承認欲求が導く転落の物語を実体験から描いた戦慄のサスペンス

「認めてほしい。ただその一心で始めただけなのに、どうしてこんなことになってしまったのだろう」

自分自身を認めてもらいたい。

その純粋な欲求が、一人の女性を破滅へと導いていく。

西尾潤さんの『マルチの子』は、著者自身のマルチ商法経験を基に描かれた、現代社会の闇に迫る衝撃作です。

マルチの子 (徳間文庫)

 

あらすじなど

マルチの子 (徳間文庫)

物語の主人公は、鹿水真瑠子という21歳の女性です。

賢くて美しい姉の真莉、可愛らしい妹の真亜紗に挟まれ、強い劣等感を抱えて育った真瑠子。

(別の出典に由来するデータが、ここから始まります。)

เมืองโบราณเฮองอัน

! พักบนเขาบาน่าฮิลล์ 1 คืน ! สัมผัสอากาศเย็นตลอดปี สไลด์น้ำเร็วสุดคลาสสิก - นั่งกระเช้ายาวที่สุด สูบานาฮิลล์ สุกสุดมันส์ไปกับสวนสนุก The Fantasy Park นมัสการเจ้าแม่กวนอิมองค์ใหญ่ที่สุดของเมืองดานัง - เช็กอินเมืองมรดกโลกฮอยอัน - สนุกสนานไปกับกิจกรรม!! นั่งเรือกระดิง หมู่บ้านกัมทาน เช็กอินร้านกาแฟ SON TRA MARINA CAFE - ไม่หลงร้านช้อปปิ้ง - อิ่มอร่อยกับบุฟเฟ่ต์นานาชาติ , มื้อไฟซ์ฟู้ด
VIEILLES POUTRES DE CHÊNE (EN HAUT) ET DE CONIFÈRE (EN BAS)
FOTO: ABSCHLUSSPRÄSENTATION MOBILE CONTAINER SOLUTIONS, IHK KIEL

何をやっても続かず、夢も持てずに毎日をなんとなく過ごしていました。

そんなある日、バイト先の掲示板で一枚の奇妙な貼り紙を目にします。

「磁力と健康セミナー・無料開催」

それは地獄への扉でした。

真瑠子は、健康増進協会お墨付きの高額寝具を主に扱う「HTF」というネットワークビジネス組織に足を踏み入れます。

そこで仲間と出会い、これまで感じたことのない承認と居場所を得た真瑠子は、意外な才能を発揮していきます。

しかし、マルチ商法は所詮マルチ商法。

借金をしてまで売り上げを作り、次々と新しいネットワークビジネスに移り、やがて数百万円の借金を抱え、仮想通貨を使ったビジネスで最終的なカタストロフを迎えることになります。

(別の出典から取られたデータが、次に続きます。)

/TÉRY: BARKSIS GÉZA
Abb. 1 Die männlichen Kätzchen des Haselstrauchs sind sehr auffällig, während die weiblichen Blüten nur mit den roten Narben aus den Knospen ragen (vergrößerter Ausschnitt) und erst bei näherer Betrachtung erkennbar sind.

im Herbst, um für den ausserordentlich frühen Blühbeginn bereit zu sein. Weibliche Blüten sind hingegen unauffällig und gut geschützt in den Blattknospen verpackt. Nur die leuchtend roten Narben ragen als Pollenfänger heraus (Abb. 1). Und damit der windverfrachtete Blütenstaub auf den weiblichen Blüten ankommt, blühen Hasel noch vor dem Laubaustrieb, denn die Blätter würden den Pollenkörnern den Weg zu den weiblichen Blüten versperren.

「認めてほしい」というただ一つの願いが、どこまで人を堕としていくのか。

その乱高下人生をリアルに描くノンストップサスペンスです。

著者自身の壮絶な実体験から生まれた「超リアル」な描写

実体験だからこそのリアリティ

本作最大の特徴は、著者である西尾潤さん自身がマルチ商法にどっぷりとハマった経験を持つという点です。

西尾さんは著者コメントで次のように語っています。

「大人になっても、自分自身が未完成な人ほど、他者に"承認"されることでやっと自分を認めることができます。

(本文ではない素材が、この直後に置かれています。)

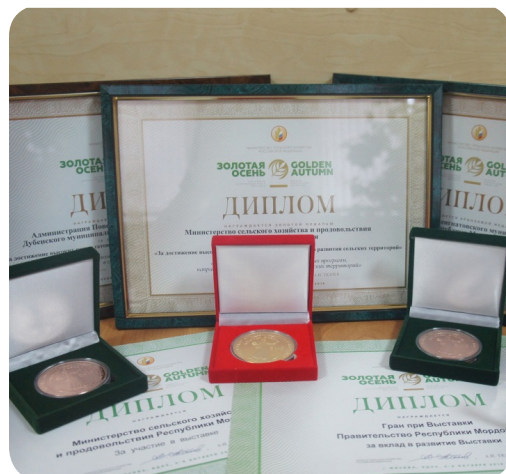
На фото: награды, полученные Министерством сельского хозяйства и продовольствия Республики Мордовия и мордовскими предприятиями пищевой и перерабатывающей промышленности

Министерство сельского хозяйства и продовольствия Республики Мордовия удостоено золотой медали за участие в конкурсе «За достижение высоких результатов в сфере устойчивого развития сельских территорий» и бронзовой медалью в номинации «Эффективная реализация региональных программ, направленных на устойчивое развитие сельских территорий».
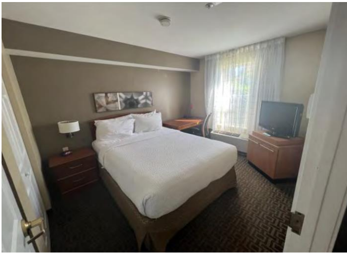
Phòng Ngủ Điển Hình
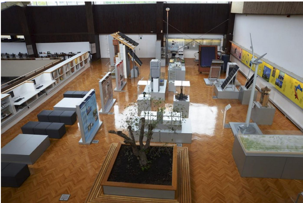
Stalni postav Odjela i infocentra Obnovljivi izvori i energetska učinkovitost

Kraći opis: Prostor je podijeljen na dva dijela, knjižnični i radionički dio te izložbeni prostor. Izložbeni dio odjela sadrži devet cjelina. Pet je cjelina o obnovljivim izvorima energije: biomasi i biogorivima, vjetroelektranama, sunčanim toplovodnim sustavima i sunčanim elektranama, dizalicama topline povezanim s tlom i hidroelektranama. Druga četiri segmenta odnose se na energetska učinkovitost u zgradarstvu, kućanskim uređajima i rasvjeti te na hibridna električna vozila. Prošlost sa sadašnjošću povezuju: vodeničko kolo, funkcionalni
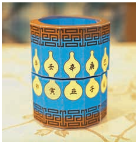
圖8 「筆筒轉轉趣」線上教學影片，利用簡易紙板操作，認識筆筒的旋轉原理。取自《國立故宮博物院YouTube頻道》： https://www.youtube.com/watch?v=XCngTVG8q0o ，檢索日期：2022年3月11日。

除了在題目上設定難易差別，並設定適齡的闖關條件之外，本次親子探索包亦設計「互動解謎」、「文物觀察」、「文物再想像」以

情報弱者であり、未熟だった私は、この承認欲求地獄へとはまっていきました。

それはやがて他人を、そして自分自身をも欺すことへと繋がっていきます」

当時の体験と記憶を頼りに描かれた作品だからこそ、マルチ商法の世界の仕組み、勧誘のテクニック、組織内の人間関係、そして何よりハマっていく人々の心理が、驚くほどリアルに描写されています。

傍目には理解できない「渦中の景色」

「なぜマルチなんかに?」と、多くの人が思うでしょう。

しかし、何事も渦中の景色は外野の想像とは大きく異なります。

本作は、その「渦中の景色」を内側から描き出すことに成功しています。

承認欲求に目がくらんだ真瑠子は、借金をしてまで売り上げを作る時点で破綻が見えているにもかかわらず、破滅するまで突っ走ってしまいます。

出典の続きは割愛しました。